* WHAT YOU NEED TO DO:
Set every line of the data down again exactly, and keep the pictures out.
DATA EXTRACT Block Start
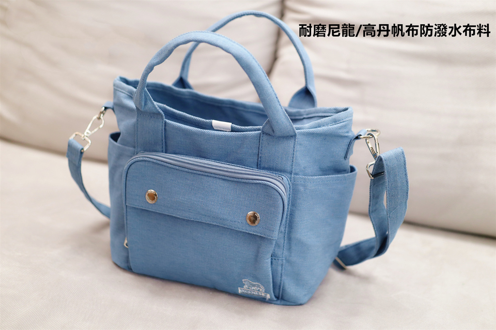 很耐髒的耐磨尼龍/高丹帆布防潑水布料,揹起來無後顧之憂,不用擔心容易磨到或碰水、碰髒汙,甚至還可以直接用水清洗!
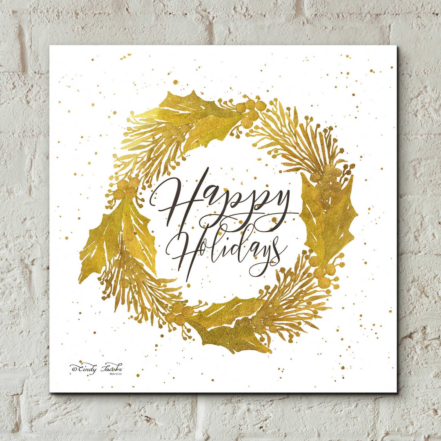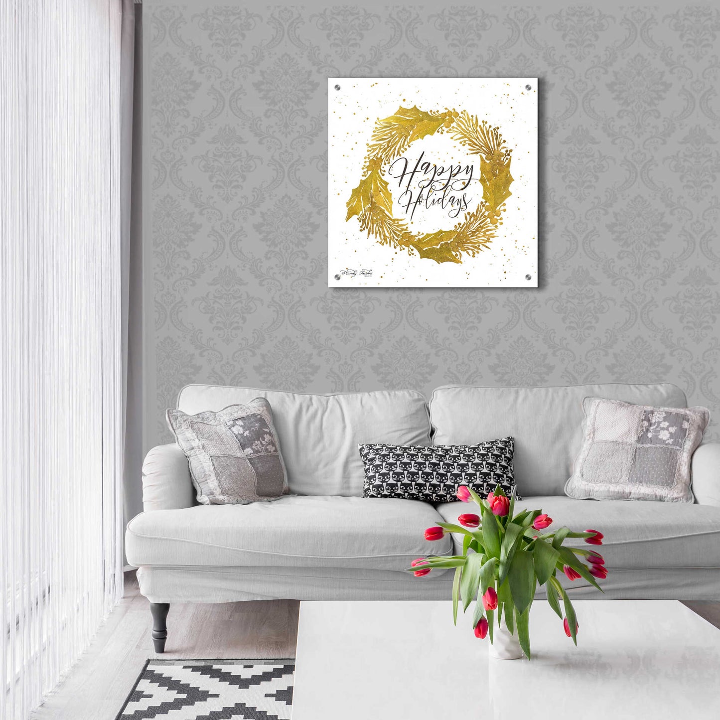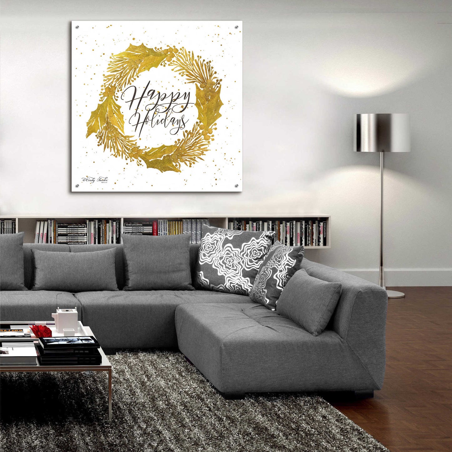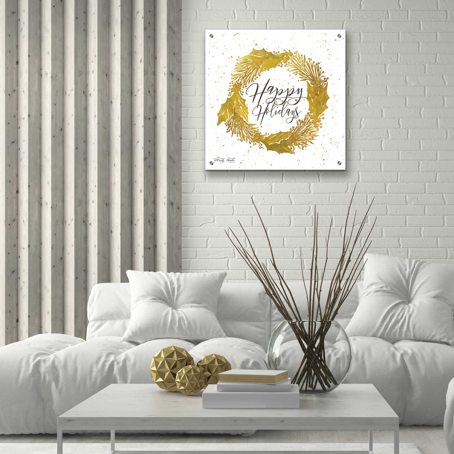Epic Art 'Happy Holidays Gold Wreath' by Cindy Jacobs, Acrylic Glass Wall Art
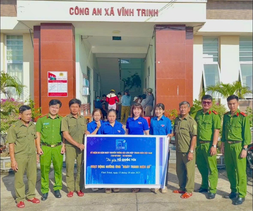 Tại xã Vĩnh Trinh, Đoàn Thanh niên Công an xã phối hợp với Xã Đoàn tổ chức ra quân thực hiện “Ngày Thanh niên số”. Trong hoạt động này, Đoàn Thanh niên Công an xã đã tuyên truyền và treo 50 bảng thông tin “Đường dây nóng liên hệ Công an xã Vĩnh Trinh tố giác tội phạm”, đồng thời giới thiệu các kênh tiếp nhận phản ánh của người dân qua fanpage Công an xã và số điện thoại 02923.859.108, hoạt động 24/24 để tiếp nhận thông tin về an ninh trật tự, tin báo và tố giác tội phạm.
DATA EXTRACT Block End
* RESPONSE BELOW:
 很耐髒的耐磨尼龍/高丹帆布防潑水布料,揹起來無後顧之憂,不用擔心容易磨到或碰水、碰髒汙,甚至還可以直接用水清洗!
Epic Art 'Happy Holidays Gold Wreath' by Cindy Jacobs, Acrylic Glass Wall Art
 Tại xã Vĩnh Trinh, Đoàn Thanh niên Công an xã phối hợp với Xã Đoàn tổ chức ra quân thực hiện “Ngày Thanh niên số”. Trong hoạt động này, Đoàn Thanh niên Công an xã đã tuyên truyền và treo 50 bảng thông tin “Đường dây nóng liên hệ Công an xã Vĩnh Trinh tố giác tội phạm”, đồng thời giới thiệu các kênh tiếp nhận phản ánh của người dân qua fanpage Công an xã và số điện thoại 02923.859.108, hoạt động 24/24 để tiếp nhận thông tin về an ninh trật tự, tin báo và tố giác tội phạm.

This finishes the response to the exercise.